R wrapper and C++ code for our multivariate normal log density function dMvN.

dMvN <- function(y, mu, C, n.omp.threads=1){
    
    n <- nrow(C)
    
    storage.mode(n) <- "integer"
    storage.mode(y) <- "double"
    storage.mode(mu) <- "double"
    storage.mode(C) <- "double"
    storage.mode(n.omp.threads) <- "integer"
    
    start.time <- proc.time()
    
    out <- .Call("dMvN", n, y, mu, C, n.omp.threads)
    
    list("log.density"=out, sys.time=proc.time()-start.time)
}
#include <R.h>
#include <Rinternals.h>
#include <R_ext/Lapack.h>
#include <R_ext/BLAS.h>

#ifdef _OPENMP
#include <omp.h>
#endif

extern "C" {

  SEXP dMvN(SEXP n_r, SEXP y_r, SEXP mu_r, SEXP C_r, SEXP nThreads_r){
    
    int n = INTEGER(n_r)[0];
    double *y = REAL(y_r);
    double *mu = REAL(mu_r);
    double *C = REAL(C_r);
    int nThreads = INTEGER(nThreads_r)[0];
    
#ifdef _OPENMP
    omp_set_num_threads(nThreads);
#else
    if(nThreads > 1){
      warning("n.omp.threads = %i requested however source code was not compiled with OpenMP support.", nThreads);
      nThreads = 1;
    }
#endif
    
    //common variables
    int i, info, nProtect = 0;
    char const *lower = "L";
    char const *nUnit = "N";
    char const *ntran = "N";

    const int incOne = 1;
    const double pi = 3.14159265359;

    double det = 0;
    double Q;
    double *z = (double *) R_alloc(n, sizeof(double)); 
    SEXP result = PROTECT(allocVector(REALSXP, 1)); nProtect++;
 
   //z = mu-y
   for(i = 0; i < n; i++){
     z[i] = mu[i]-y[i];
   }
 
   //Cholesky factorization (note C is overwritten, so you might want to make a copy if you'll need it later)
   F77_NAME(dpotrf)(lower, &n, C, &n, &info); if(info != 0){error("c++ error: dpotrf failed\n");}

   //log determinant
   for(i = 0; i < n; i++){
     det += 2.0*log(C[i*n+i]);
   }
   
   //solve Lu = z for u (note u is now stored in z, just to be confusing)
   F77_NAME(dtrsv)(lower, ntran, nUnit, &n, C, &n, z, &incOne);
   
   Q = F77_NAME(ddot)(&n, z, &incOne, z, &incOne);
   
   REAL(result)[0] = -0.5*n*log(2.0*pi)-0.5*det-0.5*Q;

   UNPROTECT(nProtect);

   return result;
 }
}

Compile the C++ shared object.

system("R CMD SHLIB dMvN.cpp")

Some code to try it out and compare with the implementation in the mvtnorm package.

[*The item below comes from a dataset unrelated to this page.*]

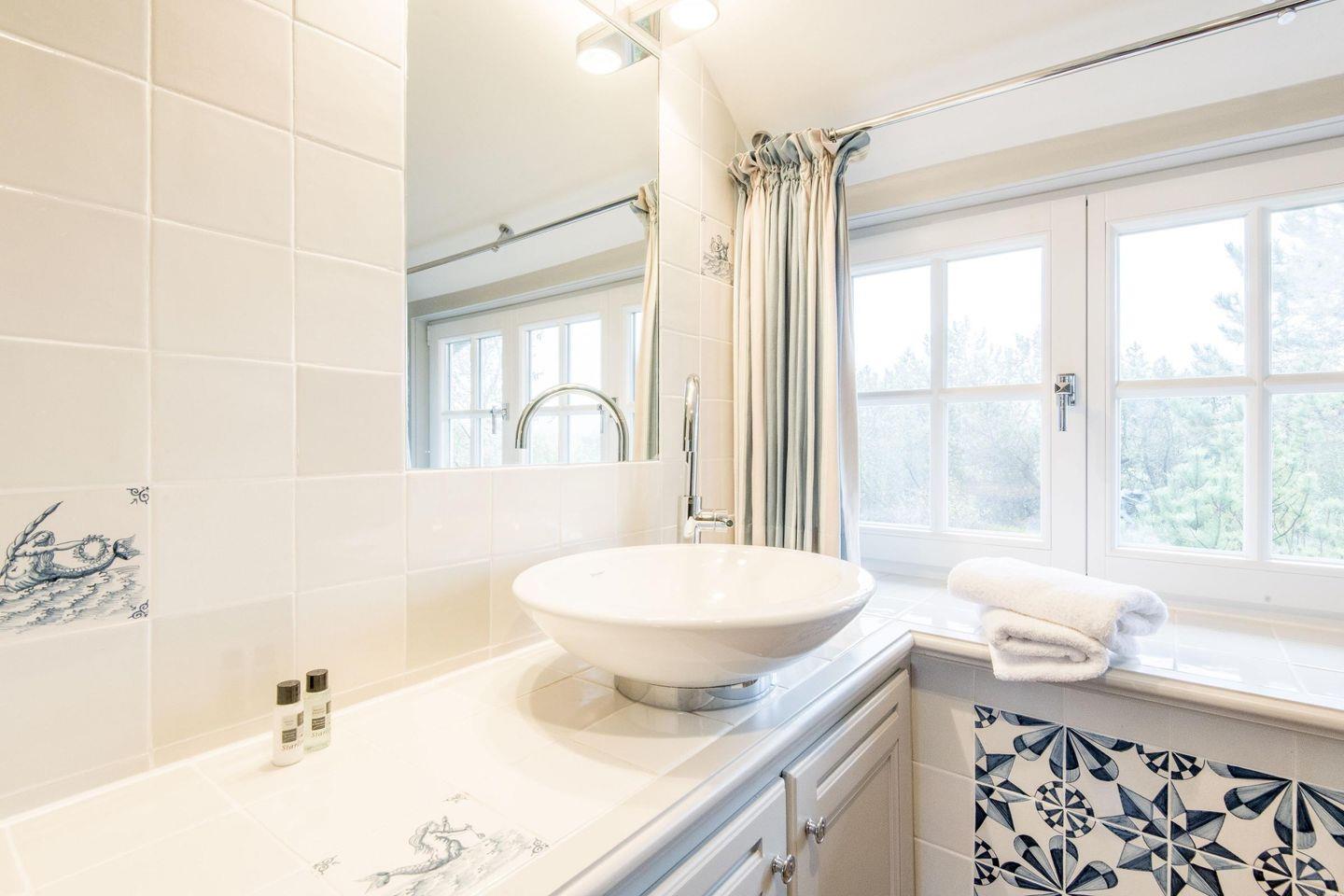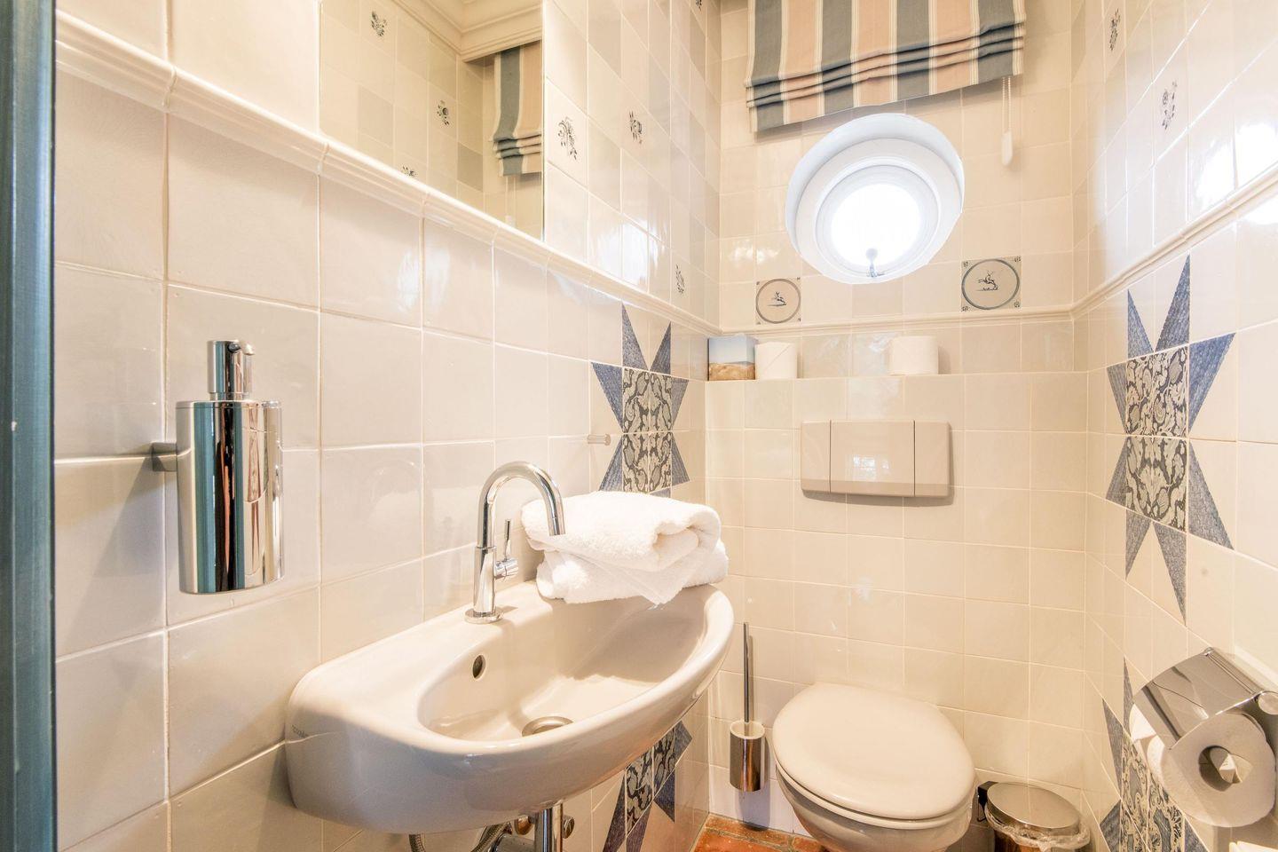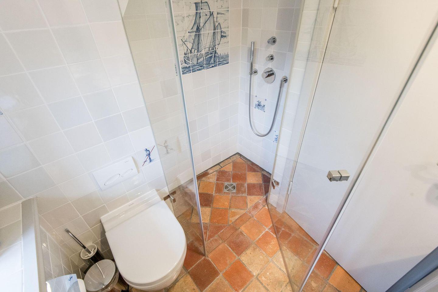 Ein modernes Duschbad mit Tageslicht sorgt für Frische und Entspannung. Zusätzlich steht ein separates Gäste-WC im Eingangsbereich zur Verfügung, was den Komfort des Hauses abrundet und gerade für Familien oder Freundesgruppen ideal ist.

##Note, depending on your OS and threaded BLAS library dMvN's
##n.omp.thread might work at controlling the number of threads.
##If not, then running "export OMP_NUM_THREADS=n", where n is
##the number of desired threads, on the terminal prior to
##starting R or R CMD BATCH try-it-out.R should work.

rm(list=ls())

dyn.load("dMvN.so")
source("dMvN.R")

rmvn <- function(n, mu=0, V = matrix(1)){
  p <- length(mu)
  if(any(is.na(match(dim(V),p))))
    stop("Dimension problem!")
  D <- chol(V)
  t(matrix(rnorm(n*p), ncol=p)%*%D + rep(mu,rep(n,p)))
}

set.seed(1)

n <- 5000
coords <- cbind(runif(n,0,1), runif(n,0,1))
X <- as.matrix(cbind(1, rnorm(n)))

B <- as.matrix(c(1,5))
p <- length(B)

##Exponential spatial covariance with a nugget
sigma.sq <- 2
tau.sq <- 0.1
phi <- 3/0.1

D <- as.matrix(dist(coords))
C <- sigma.sq*exp(-phi*D)+diag(tau.sq,n)
mu <- X%*%B
y <- rmvn(1, mu, C)

##Evaluate log likelihood
out <- dMvN(y, mu, C, n.omp.thread=2)

out$log.density
## [1] -6471.511
out$sys.time
##    user  system elapsed 
##   1.301   0.085   0.691
##Compare timing to:
library(mvtnorm)

start.time <- proc.time()
dmvnorm(y[,1], mu[,1], C, log=TRUE)
## [1] -6471.511
proc.time()-start.time
##    user  system elapsed 
##   1.649   0.312   1.373